Published Tuesday, April 27, 1999, in the Miami Herald

FAA delayed Brothers' Cuba flight

Herald Staff Report

Brothers to the Rescue founder Jose Basulto said Monday that he had intended to drop leaflets on last month's Baltimore Orioles exhibition game in Cuba -- but the Federal Aviation Administration stopped him by staging a snap inspection.

``The FAA showed up at the airport arguing that they wanted to do an inspection; they delayed us for two, two-and-a-half hours,'' Basulto said. The Bay of Pigs veteran called the inspection ``extremely unusual -- they had never done it before,'' and said his lawyer was preparing a protest.

The FAA in Atlanta, whose region covers South Florida, disagreed. ``All flights south of the Straits of Florida are monitored closely,'' said spokeswoman Tanya Wagner. ``The March 28 ramp inspection was not out of the ordinary.''

Fearing another attempt, Major League Baseball has asked the FAA to restrict air traffic over the May 3 rematch between the Cuban national team and the Orioles. FAA spokesman Jim Peters said the agency does not have the power to shut down airspace and has referred Major League Baseball executives to the U.S. Secret Service, which does have the power.

The Secret Service in Washington, D.C., did not return a call placed by The Herald's Miami office on Monday.

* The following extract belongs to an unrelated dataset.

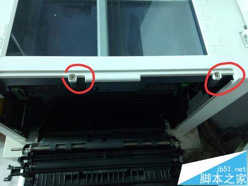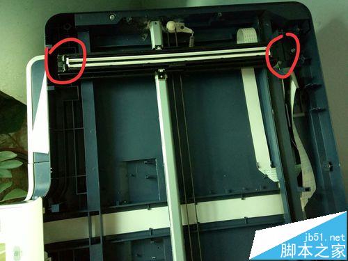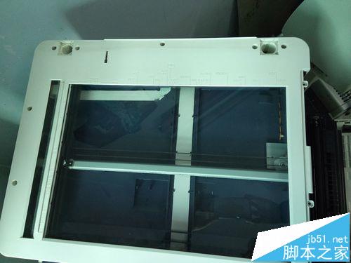 5、將機(jī)器上面的玻璃面板慢慢拿下來(lái),找個(gè)安全的地方放好,掃描架就露出來(lái)了。在T型掃描架的兩側(cè),這二個(gè)紅色的地方下面的滑道,用棉簽蘸些縫紉機(jī)油涂抹在滑道上,中間滑道也涂些,不用涂太多,能起到潤(rùn)滑作用就可以了。
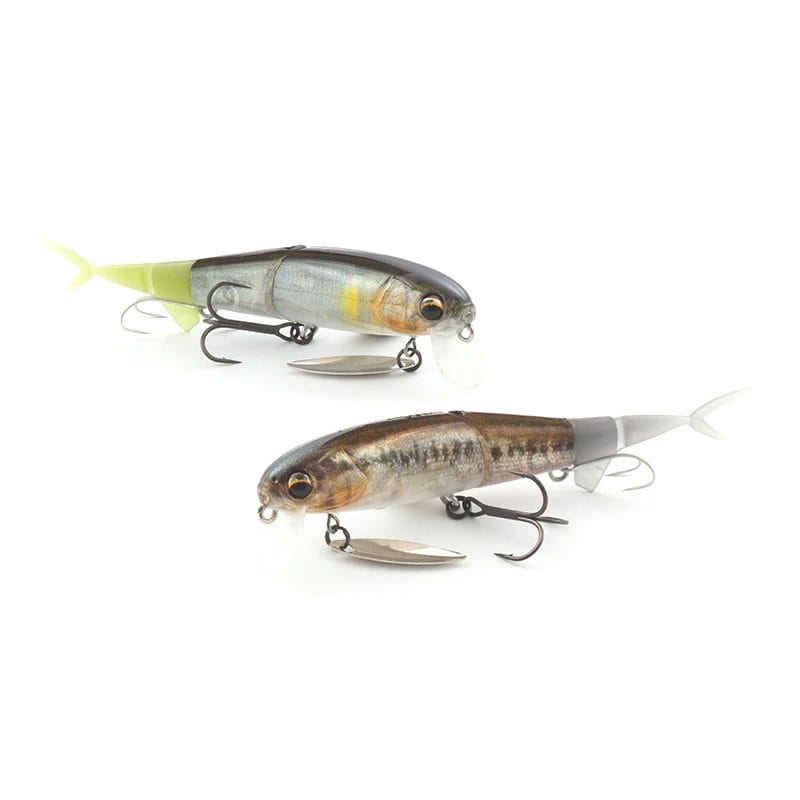 The Imakatsu Bebikira Wake (aka – Baby “Killer Wake”) is a small hardbody minnow wakebait designed to target topwater and subsurface layers, drawing bites from even the most pressured fisheries with its ultra-finesse presentation. Designed by renowned professional angler Naoyuki Mihara, Beibikira Wake is crafted in Japan to the highest standards and packs a list of creative features that set it apart from all other small wake baits. Beibikira Wake features a small, single-jointed hard body with a soft plastic tail, giving the lure a lifelike swimming action no matter the retrieve speed. The nose of the bait features detailed molding and realistic eyes, in addition to the small and durable bill that gives Beibikira Wake its subsurface dive and slithering action. The underside of Beibikira Wake is equipped with a small double hook at the tail and a deadly sharp treble hook hanging from the belly, ensuring a high hookup ratio no matter where the bite comes from. Under the head of Beibikira Wake is a compact underspin willow blade that draws in fish with its brilliant flash while also helping the lure track true with its lowered center of gravity. Extremely versatile, Beibikira Wake is equally effective when burned subsurface at high speed as it is slowly crawled, twitched, and deadsticked on topwater.

Basulto, meanwhile, said he was undecided on whether he would try to drop the tens of thousands of unused leaflets on Camden Yards. They say ``La Patria es de Todos'' (``The homeland belongs to all'') on one side and reprint Article 14 of the Universal Declaration of Human Rights on the other with the exhortation, ``Cubano ¡lucha por tus derechos!'' (``Cuban: Fight for your rights!'') Article 14 grants people ``in the event of persecution . . . the right to seek asylum . . . in any country.''

The Brothers have released leaflets that fell over Havana at least twice before.

The latest was Feb. 24, the third anniversary of Cuba's downing of two Brothers to the Rescue airplanes.

On that day, Havana residents said, they picked up hundreds of anti-Castro fliers dropped by Basulto.

The Cuban government claimed the leaflets came from an unmanned balloon, but Basulto said he dropped 500,000 pamphlets by hand out the door of his single-engine Cessna 337 at an altitude of 10,000 feet as he flew 20 miles off the Cuban coast -- well within international air space.